Analog Rambledotes, or What I Didn't Do on Someone Else's Summer Holiday

video description, 2025-08-04

Simkins Lambastiture had had enough, and to be perfectly frank I had had enough of Simkins Lambastiture. So I stabbed it. Not him, but it. For you see, Simkins Lamastiture was a corn puff. Now I know what you’re thinking—how was a corn puff ever elected to the House of Commons? Well, I ask you—can you think of anything more common than a corn puff? Of course you can. But that doesn’t stop them from trying to appear more common than they are. And what better way to appear that common than to reside in the house of it? So after a half-hearted campaign in which the opposing candidate was blackmailed into dropping out of the race, Simkins Lambastiture found itself on the floor of Parliament, wondering how it might obtain a corn-puff tailored little red cape and a wig like the corn puffs in the other house were so privileged to wear. So its very first act as a Parliamentarian was to veto anything that wasn’t a bill allowing little red capes and wigs for all. Now you and I both know how futile it is for someone in this office to attempt a veto, but Simkins Lambastiture had no prior governmental experience. And its constituents were growing restless at all the partisan gridlock it was causing, so they elected me to steal away into the shadows and stab Simkins Lambastiture when it least expected it. And so I did. Stabbed the poor little thing right in its corn puff shoulders. But the twist to this story, dear reader, is that the knife with which I performed said stab was in truth made entirely out of a most soothing lotion. Yes, lotion. In fact it was so soothing that one wonders how it retained its knife shape until the appointed time. Yet I swear to you it did. Right up until I stabbed, at which point it sort of melted away into the corn puff’s skin, causing it a dreadful amount of tension release. It was really more of a massage than a stabbing, come to think. As you might imagine, the chemistry was instant and intense. And now we’re terribly, terribly happy together.

the video itself

Delirious C64 Suckage - hate and unsubscribe!!

video description, 2025-07-08

Remember when life was simple, when shoes only came in your dad’s size, and your dad was a centaur who didn’t wear shoes in the first place? Well remember no more with new Tanpant Pantangelo. Tanpant Pantangelo is made from a new industrial grade polyponnesian macrofibre, hand-forsaken by a roadside near you, now showing in slitrovision, the 128x1 aspect ratio the whole family can’t enjoy. With Tanpant Pantangelo, your Susan B. Anthony will be BEGGING you to honor her with a commemorative silver dollar. No more messy wheat pennies, peat whennies or two-headed quarters for you, Jazzdoink. You’ll be rolling around naked in silver-cast Susan B. Anthony heads, each one looking commemoratively to the side to protect your modesty, something you obviously don’t care about yourself.

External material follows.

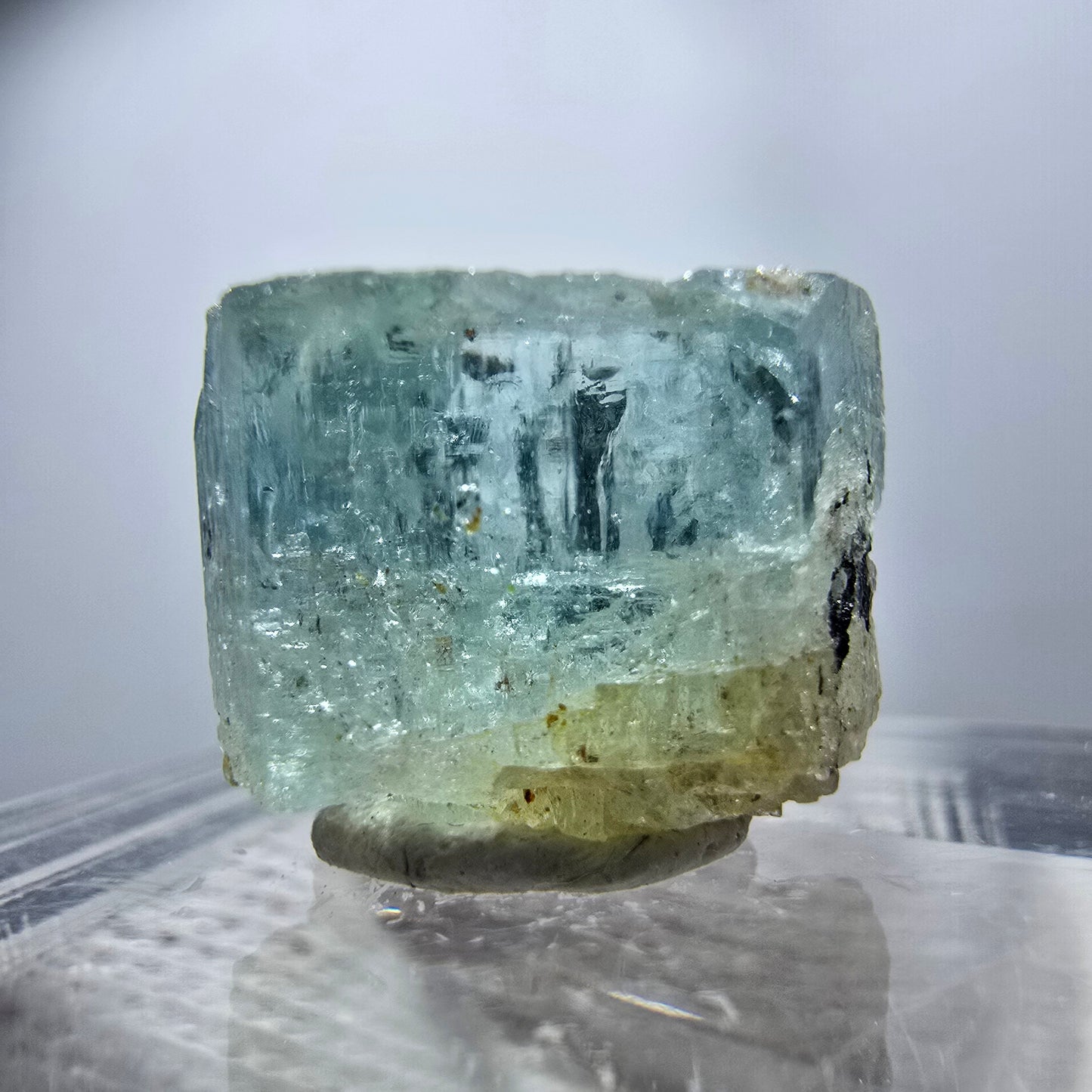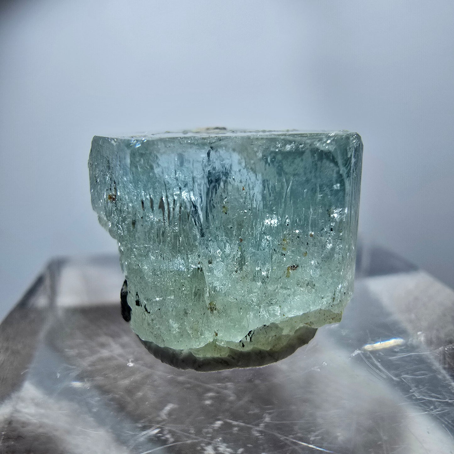 Entdecken Sie diesen außergewöhnlichen, klaren hellblau länglich gewachsenen Aquamarin Kristall, der harmonisch mit einigen schwarzen Schörl Turmalin Kristallen verwachsen ist. Diese Kombination aus Farben und Strukturen macht diesen Mineralienfund zu einem wahren Unikat. Jeder Kristall erzählt seine eigene Geschichte und bringt die Schönheit der Natur in Ihr Zuhause.

So care about it yourself with new Tanpant Pantangelo, now in three vomit-inducing flavors to suit even the least discriminating connoisseur. Baked by the Manson family.

the video itself

Testing my new camera tripod with the ole C64.

*video description, 2025-07-

You may be wondering why you’re not as cool as me. Well, for one thing, I’m the ultimate rebate boy. Oh sure, there are other rebate boys. Buying goods from the manufacturer, filling in the requisite forms, and then mailing them off in the hopes that six to eight weeks later a check reiumbursing them for most of their cost will arrive in the post. But have these other rebate boys ever stopped to consider what sets me, their absolute superior in every way, apart from the Greebaet Unwashed?

Of course they haven’t, you twingemaster. You master of twinge. If you’d only stop mastering twinge all the livelong day and pause to consider what makes me such an ultimate rebate boy, you might have your answer by now. But you don’t have an answer yet, and you most likely never will. Always on your knees, praying to the god of the potato sack race you know doesn’t exist, hoping that the earnestness of your prayers may just will him into existence. Pathetic.

Sanctimonious twingemaster. What would they say down at the potato sack race if they knew you were blaspheming their god by wanting him to exist? His nonexistence is the reason they all converted to Potatosackracerianism in the first place. Don’t ruin it by bringing your Ludwig von Chick Tracts to the fellowship pancake breakfast and driving out all the zealots. Nail your demands to the wall of the church and then fork off into some form of potatorotestantism.

Meanwhile, I’ll be mailing in all the best rebates. That’ll show you.

the video itself

Blanka & the Beast (featuring David Bonus Content)—C64

video description, 2025-03-19

Tale as old as time… Tale as old as time… Tale as old as time… Tale as old as time… Blanka and the Beeeeeeeeeeee—oh but hang on, you say! Blanka IS a beast, my fine Joey Featherton’d aficionado. And you’d be plumb right, Señor. A beast he may well be, but he ain’t THE Beast. That honor belongs to he what casts a Shadow. And a vijdya gaim, not about him, but about said shadow. Right Said Freddow. “I’m too beastly for my shirt.” And he WAS, you know. Right up until the third game he was too beastly for anything but a loincloth. And even then he wore pantaloons, boots, a hat and a backpack, BUT NO SHIRT. Think of the chaffing… Which is why we bring you NeuroPlatter, the thinking man’s chaffing dish. When was the last time the thinking man chaffed without his favorite dish? Well, chaff away, thinking man, knowing that all your sloughed-off skin will be caught by one of our fine artisan-crafted receptacles.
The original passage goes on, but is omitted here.